Useful agentic systems must be able to solve long horizon tasks which require complex planning and reasoning in multi-agent environments. In other words, agents must be able to strategize and co-operate.

It would be useful to be able to measure the abilities of current LLMs on tasks that require strategy and co-operation, so that we can evaluate where we are and how models are improving.

The ability to deploy agents with minimal customisation into arbitrary environments, like strategy games, and evaluate their performance relative to humans or other agents powered by different models, could be useful from a scientific perspective.

Agent Telecoms

How are non-human agents performing complex, long horizon tasks, going to communicate with us and each other?

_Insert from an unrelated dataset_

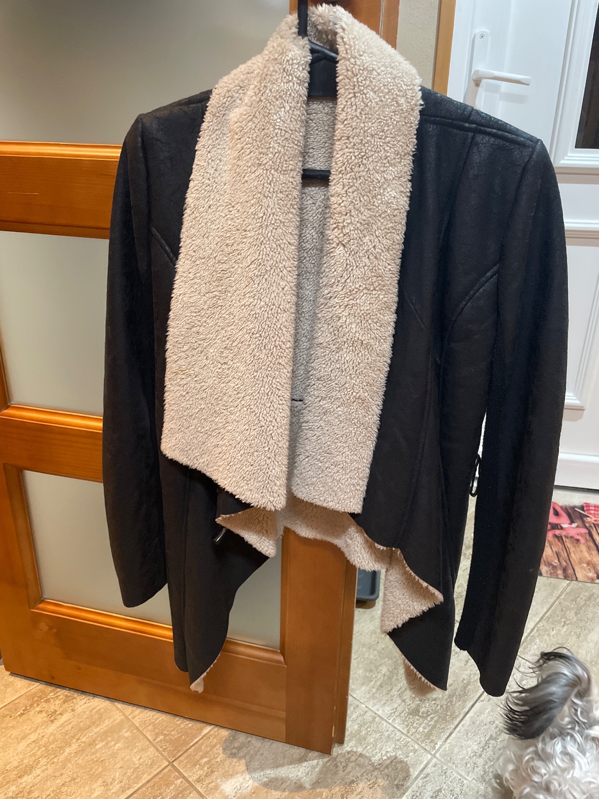 Teplákové sako veľkosť udaná S, ale je väčšie. Miera cez prsia udaná na fotke. Nevyblednuté.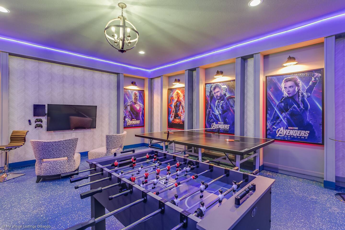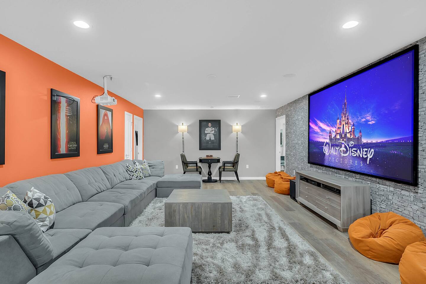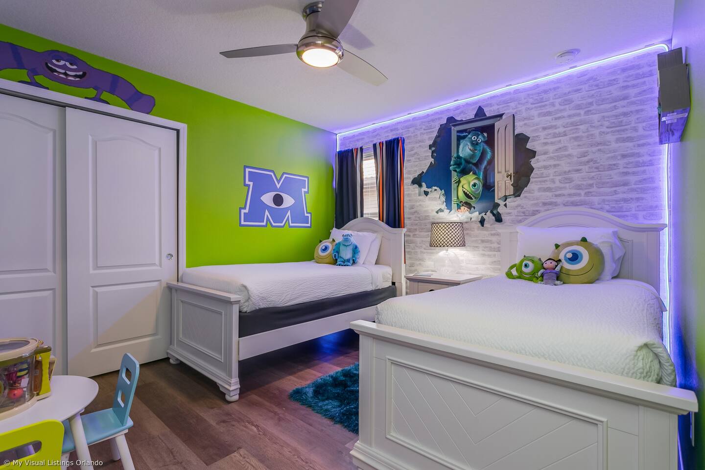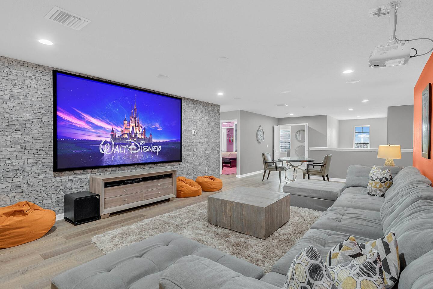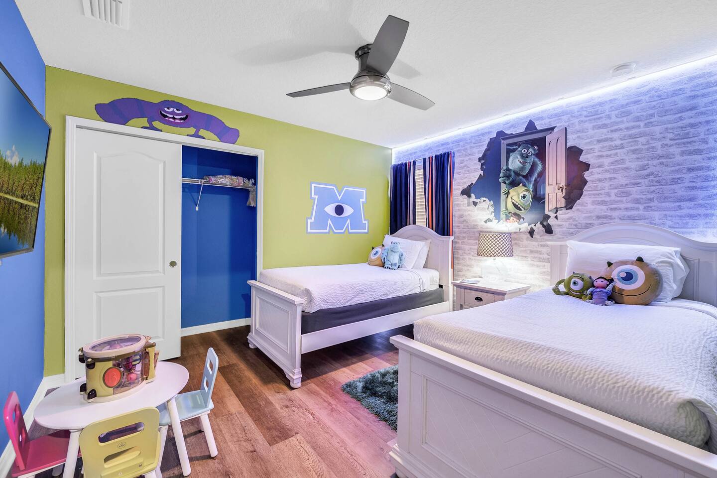The Southern Wonder of the World | Must See - One of the Best Homes in Windsor at Westside Property Summary Professionally designed and furnished by one of the country’s foremost and world renowned design experts the appropriately named, Southern Wonder of the World, is one of Florida’s most unique vacation properties. The property has all that a family or large group needs for a completely immersive entertainment experience. With a private swimming pool, luxurious bedroom furnishings, themed kids rooms, State of the Art game room, and Movie Theater room, you can spend a whole day relaxing or having fun. With 4,000+ sq. ft. to share with your family or group coupled with the pool deck, this home holds up to 16+ guests. The home is also hypoallergenic with no carpeting in the home and a ceiling fan in each bedroom to aide fresh air flow throughout the home. The home is a short walk from the state-of the art clubhouse at Windsor at Westside. What a great place for families to share! The game room is air-conditioned and fully stocked with action! Feeling competitive? Up for some games? Here you can find foosball, Marvel Air Hockey, Ping-pong, an XBOX station with a large screen TV, and an additional large flat screen TV for watching your favorite movies or sports. Be amazed and immerse yourself in the “Marvel” room and be sure to take a picture next to your favorite Marvel character! The pool area is where you can enjoy the sun, the fresh air, and the refreshing pool water. There are sun loungers and a spillover spa for complete relaxation. For added safety, the pool deck comes equipped with a safety fence. The kitchen is fully equipped with all of your needs from stainless steel appliances, to a toaster and coffee maker. The home has a spacious open floor plan and sits on one of the best lots in Windsor at Westside. The dining area has seating for 16+ where bellies are made full and memories are sure to be created. The breakfast bar also has 4 amazing bar stools to accommodate more family time together. The living room has a huge modern 84" fan. By day watch your favorite shows on the wall mounted 75" LED TV, then in the evenings enjoy movies and sports on the 120" projector screen complete with theater-like seating, complete state of the art surround sound system, and subwoofer. Upstairs there is a huge Princess immersive experience themed kids bedroom complete with dynamic fiber optic lighting, hand painted effects, LED lighting, Princess themed dynamic effects, and other Princess amazement. There is also an amazing custom-built Monsters themed bedroom complete with custom LED lighting, kids toys, special themed furniture, custom painted walls, murals, and custom shelving. Features: • 8 Bedrooms and 6 Full Bathrooms • Covered Lanai with Heated Pool/Spa (no rear neighbors for privacy) • Outside Dining Table and Dining Bar • Well equipped Kitchen with Counter Stools and Extra-Large Dining Table • Large Gathering Room with 75” 4k Smart TV/Multi-Region Blu Ray • Second Floor Games Room with Movie Theater • Xbox 360 • Surround Sound System • Poker and numerous Board Games and DVDs to cater for all ages • Additional Games Room with Table Tennis, Foosball, and Air Hockey • Smart TVs with Netflix in every Bedroom • Complimentary Cable TV, High-Speed WIFI and free calls to Canada and U.S. • A/C and ceiling fans in every room to maximize comfort • Baby equipment provided at no charge (pack and play, highchair) • Full Washer/Dryer, Linen and Towels provided • Hair Dryers, Ironing Board & Iron Sleeps 16: • Suite 1- King Bed • Suite 2- King Bed • Suite 3- King Bed • Suite 4- Queen Bed • Bed 5- Two Twin Beds • Bed 6- Two Twin Beds • Bed 7- Queen Bed • Bed 8- Queen Bed

  • Communication channels that humans use are not designed for bots to use, and often actively discourage bot usage with things like captchas and 2FA.
  • Agents must be able to communicate effectively with humans (see point 1) and each other.
  • Ideally, agents would be able to communicate via channels that humans are already using, like email, instant messaging (WhatsApp, Telegram, Signal etc), Slack and others.
  • Eventually, agents will be able to use these services just like humans by navigating using a browser, but there are complexities that make this more difficult than it needs to be for AI agents in the short term
  • For example, to create and use a Gmail account, agents need to complete a sign up via the online form, get a 2FA code to your phone number to verify you are human (where does the agent find this phone number and access its messages?), enter the code into the form, then, if the agent wants programmatic access to emails rather than reading them via the UI, it must enable 2FA with an authenticator app like Microsoft Authenticator (or with a command line tool), then navigate to a hard-to-find page which provides App Password, generate an app key, then write code to configure an SMTP client to read mail using the correct configuration.
  • Processes such as these will bottleneck agents from sending and receiving messages to humans and each other, and should be streamlined if we are to make agents maximally efficient in the near term.

Agent Auth

As an increasing percentage of web traffic starts to come from AI powered agents, it will become more and more important to give agents the ability to authenticate themselves on websites and prove their identity.

  • Currently, even harmless bots traversing the web and performing tasks will be blocked via Captchas and other bot-blocking mechanisms.
  • As agents become responsible for increasing amounts of legitimate web traffic (e.g. booking hotels or signing in to a trading website to pull information about a company's financial reports) we should welcome this traffic rather than trying to block it.
  • Early agentic systems will find their success rates lowered by these measures.
  • Companies may still want to take measures to prevent abuse of their platform (i.e. x.com may want to block mass scraping and gmail may want to stop people using their platform for spam campaigns), but we should find a way for legitimate agents to perform their tasks without being inhibited.
  • For example, when navigating to a web page login form, users should be able to select Human or AI and go to the correct login page.
  • AI logins should rely on some kind of identification mechanism that ties them to a specific organisation. These organisations could be registered with a centralised authority or the verification could be decentralised and rely on some kind of reputation system.